Von Kurt Stenger
18.11.2009
Standpunkt

Großmacht mit Geheimnissen

Wenige Wochen vor der Weltklimakonferenz in Kopenhagen stehen die Zeichen auf – totale Flaute. Trotz zahlloser Vorbereitungstreffen auf Arbeitsebene gibt es noch nicht einmal einen vagen Rahmen für das eigentlich von allen Staaten gewünschte neue Klimaschutzabkommen. Dabei ist seit Jahren klar, was die Kernpunkte von Kyoto II sein müssen, um die Erderwärmung auf noch einigermaßen beherrschbarem Niveau zu halten.

Wieder einmal richten sich die meisten Blicke gen Washington. Wenn man US-Präsident Barack Obama in den letzten Wochen beobachtete, gibt es natürlich einen riesigen Fortschritt gegenüber seinem Amtsvorgänger zu konstatieren. Ganz klar möchte er den Klimaschutz voranbringen.

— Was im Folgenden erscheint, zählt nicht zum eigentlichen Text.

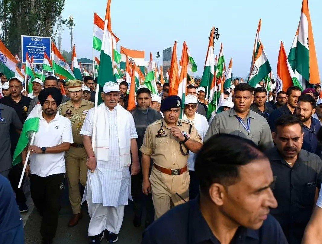 Lieutenant Governor of Jammu and Kashmir, Manoj Sinha, led a large 'Tiranga' rally in Srinagar on Monday, with thousands participating in the event.

Allerdings tritt er nicht wie ein Hauptplayer der Verhandlungen auf, sondern eher wie ein Moderator. Irgendwie will er vor allem den anderen Riesen China in das Boot holen, in dem er selbst noch nicht sitzt. Doch welchen Reduktionszielen sich die USA als einer der beiden größten Treibhausgasemittenten verpflichtet fühlen und welche Finanzhilfen für Entwicklungsländer bereitgestellt werden sollen, bleibt bislang ein Geheimnis.

Anderen, etwa der in dieser Frage längst zerstrittenen EU, wird es leicht gemacht, ihrerseits in voller Deckung nach Kopenhagen zu reisen. Bewegung wird es wohl erst dann geben, wenn die Großmacht USA ihre Geheimnisse lüftet.